▸ **EXERCISE**
Repeat the records verbatim and leave the pictures out of your copy.

▸ **GIVEN DATA**
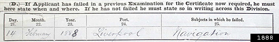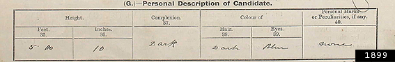 Notes: Unfortunately, as can be seen below, the section in his Extra Master's application (1888) where the applicant is to fill in his height and other descriptive information has frustratingly been crossed out, either by Smith or the examiner. The reason for this is unknown. The height of 5'8" is deduced upon photograph evidence and is based on several photographs in which in relationship to other officers he is slightly shorter. It is also interesting to note he failed in "Navigation".
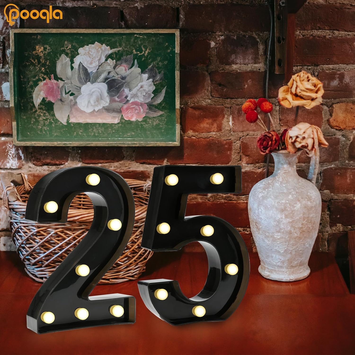 Pooqla 25th Birthday Decorations for Her Him, Black Light Up Number 25 for Party Table Decorations, 25th Birthday Gift for Men Women, Backdrop Wall Decor for 25th Wedding Anniversary Decoration
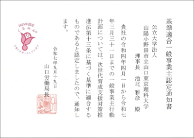 本学は、山口県で実施している、男女がともに働きながら安心して子どもを生み育てることができる雇用環境づくりに取り組む企業を奨励・支援し、その取組を広く紹介するため、一般事業主行動計画の取組を宣言(公表)する企業の届出制度(「やまぐち子育て応援企業」宣言制度)に認定されました。
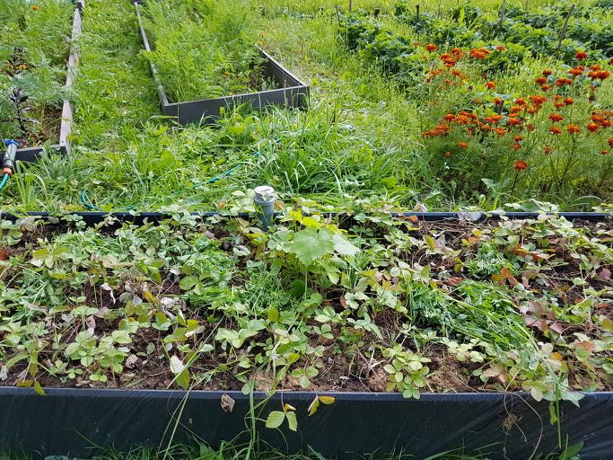 봄철 같은 날씨가 지속되어서 그런지 딸기가 하얀 꽃을 또 피우고 있다. 이 텃밭의 딸기가 이 집단 다차 지역에서 맛있기로 소문 나 있다고 한다. 갈리나는 그 이유가 옆에서 키우고 있는 야생딸기에 있다고 여긴다. 벌들이 서로 가까이에 있는 야생딸기 꽃과 딸기 꽃을 번갈아 왕래한 결과가 아닐지...
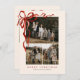 Budget Elegant Red Bow Christmas Four Photo Holiday Card présente une belle aquarelle rouge arc autour de vos deux photos.
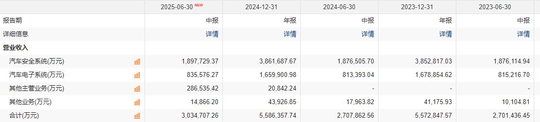 而汽车安全系统又是母公司均胜电子的支柱性营收来源。Choice显示,2022年至2024年,均胜电子汽车安全系统营收占公司各期营收总额的近70%。
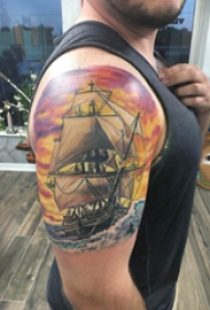 彩绘刺青 男生手臂上彩色的骷髅纹身图案
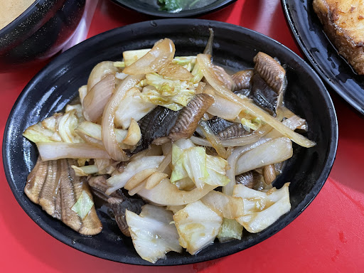 本身就滿愛吃鱔魚意麵的,剛好看店家是賣鱔魚意麵就毫不猶豫就進去用餐。 1.鱔魚意麵跟米粉我們都點大碗的,麵跟米粉的份量真的滿多的,鱔魚至少也都有4塊,雖然不難吃,但也沒有很道地的味道,它就是一碗很普通的鱔魚意麵,所以吃完後有點失望,但以價格來說大碗的賣90元算便宜。 2.雙蛋炒飯很好吃,有把炒飯的香氣炒出來,炒飯也粒粒皆明,還滿推的。 3.炒麻油豬肝很好吃,尤其它的薑有爆炒過,很香很好吃,而且豬肝份量也很多,一份才賣100也算便宜。 4.蛤仔湯湯頭鮮甜有大海的味道,蛤蜊也新鮮,只是我吃到其中一顆有帶沙,所以這點扣分。 5.炒空心菜有大火快炒出來的香氣,超好吃的~ 6.點餐的老闆娘感覺態度不是很好,但也沒有怎樣,就是沒有面帶笑容就是了...... 以上總結,個人認為店家雖然主打的是鱔魚意麵,但鱔魚意麵卻不出色口味平平,但還是可以吃,反而它的快炒類比較好吃,...
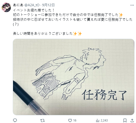 綠川光也在 X 上感謝所有來現場的粉絲,能這樣子跟大家互動,真的非常愉快。
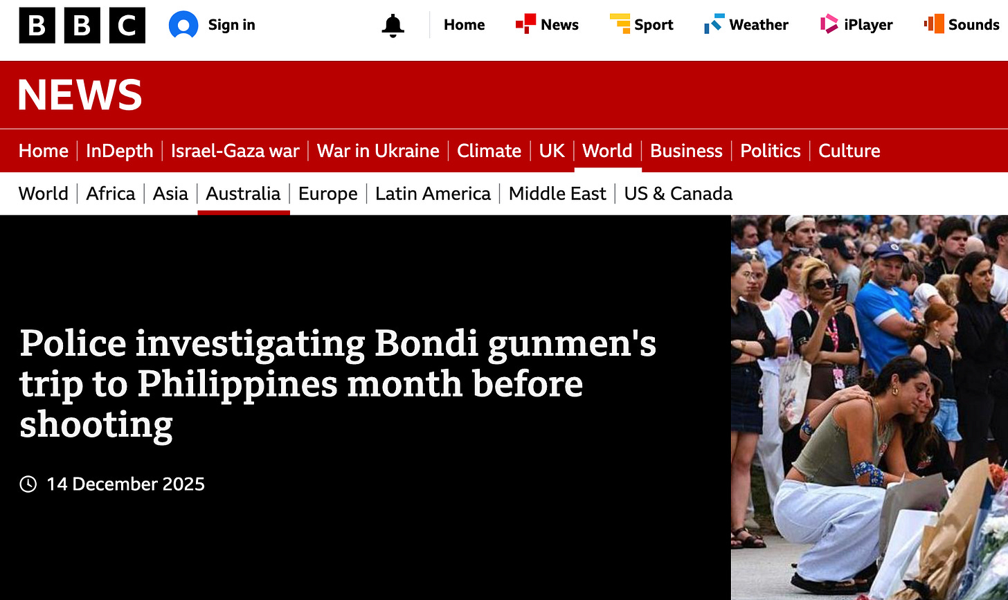 With the training in the Philippines, and after these recent ISIS attacks in Syria kept in mind, Bondi Beach immediately takes on a dimension of international terrorism. This is serious.
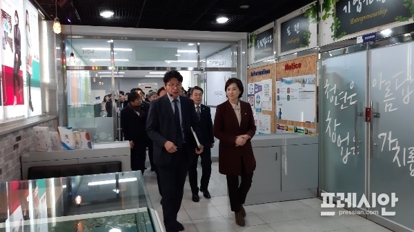그는 군산대에서 운영하는 디자인팩토리와 3D프린팅, S/W융합교육센터를 방문하고 군산대 산학협력관 내 청춘당(창업 지원 플랫폼)에서 지역연계 주요 산학협력 성과발표를 위한 PPT 보고회와 간담회에 참석했다.
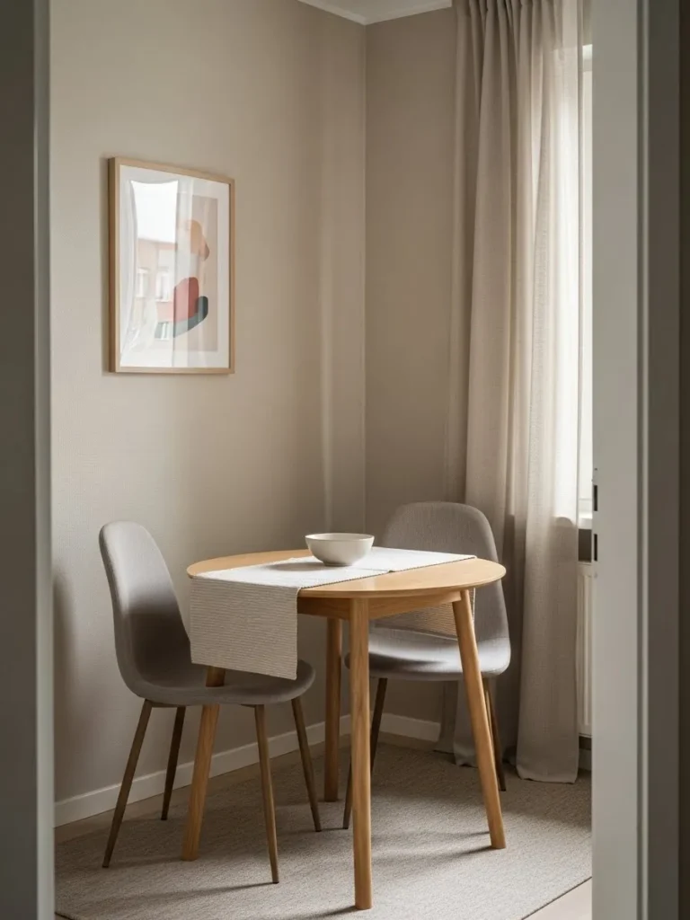 I am drawn to how quiet and cozy this setup feels. It feels perfect for casual dinners or a glass of wine at the end of the day. The beige tone wraps the room in warmth and makes it feel personal. I can easily imagine lingering here longer than planned.

▸ **SOLVED EXERCISE**
 Notes: Unfortunately, as can be seen below, the section in his Extra Master's application (1888) where the applicant is to fill in his height and other descriptive information has frustratingly been crossed out, either by Smith or the examiner. The reason for this is unknown. The height of 5'8" is deduced upon photograph evidence and is based on several photographs in which in relationship to other officers he is slightly shorter. It is also interesting to note he failed in "Navigation".
 Pooqla 25th Birthday Decorations for Her Him, Black Light Up Number 25 for Party Table Decorations, 25th Birthday Gift for Men Women, Backdrop Wall Decor for 25th Wedding Anniversary Decoration
 本学は、山口県で実施している、男女がともに働きながら安心して子どもを生み育てることができる雇用環境づくりに取り組む企業を奨励・支援し、その取組を広く紹介するため、一般事業主行動計画の取組を宣言(公表)する企業の届出制度(「やまぐち子育て応援企業」宣言制度)に認定されました。
 봄철 같은 날씨가 지속되어서 그런지 딸기가 하얀 꽃을 또 피우고 있다. 이 텃밭의 딸기가 이 집단 다차 지역에서 맛있기로 소문 나 있다고 한다. 갈리나는 그 이유가 옆에서 키우고 있는 야생딸기에 있다고 여긴다. 벌들이 서로 가까이에 있는 야생딸기 꽃과 딸기 꽃을 번갈아 왕래한 결과가 아닐지...
 Budget Elegant Red Bow Christmas Four Photo Holiday Card présente une belle aquarelle rouge arc autour de vos deux photos.
 而汽车安全系统又是母公司均胜电子的支柱性营收来源。Choice显示,2022年至2024年,均胜电子汽车安全系统营收占公司各期营收总额的近70%。
 彩绘刺青 男生手臂上彩色的骷髅纹身图案
 本身就滿愛吃鱔魚意麵的,剛好看店家是賣鱔魚意麵就毫不猶豫就進去用餐。 1.鱔魚意麵跟米粉我們都點大碗的,麵跟米粉的份量真的滿多的,鱔魚至少也都有4塊,雖然不難吃,但也沒有很道地的味道,它就是一碗很普通的鱔魚意麵,所以吃完後有點失望,但以價格來說大碗的賣90元算便宜。 2.雙蛋炒飯很好吃,有把炒飯的香氣炒出來,炒飯也粒粒皆明,還滿推的。 3.炒麻油豬肝很好吃,尤其它的薑有爆炒過,很香很好吃,而且豬肝份量也很多,一份才賣100也算便宜。 4.蛤仔湯湯頭鮮甜有大海的味道,蛤蜊也新鮮,只是我吃到其中一顆有帶沙,所以這點扣分。 5.炒空心菜有大火快炒出來的香氣,超好吃的~ 6.點餐的老闆娘感覺態度不是很好,但也沒有怎樣,就是沒有面帶笑容就是了...... 以上總結,個人認為店家雖然主打的是鱔魚意麵,但鱔魚意麵卻不出色口味平平,但還是可以吃,反而它的快炒類比較好吃,...
 綠川光也在 X 上感謝所有來現場的粉絲,能這樣子跟大家互動,真的非常愉快。
 With the training in the Philippines, and after these recent ISIS attacks in Syria kept in mind, Bondi Beach immediately takes on a dimension of international terrorism. This is serious.
그는 군산대에서 운영하는 디자인팩토리와 3D프린팅, S/W융합교육센터를 방문하고 군산대 산학협력관 내 청춘당(창업 지원 플랫폼)에서 지역연계 주요 산학협력 성과발표를 위한 PPT 보고회와 간담회에 참석했다.
 I am drawn to how quiet and cozy this setup feels. It feels perfect for casual dinners or a glass of wine at the end of the day. The beige tone wraps the room in warmth and makes it feel personal. I can easily imagine lingering here longer than planned.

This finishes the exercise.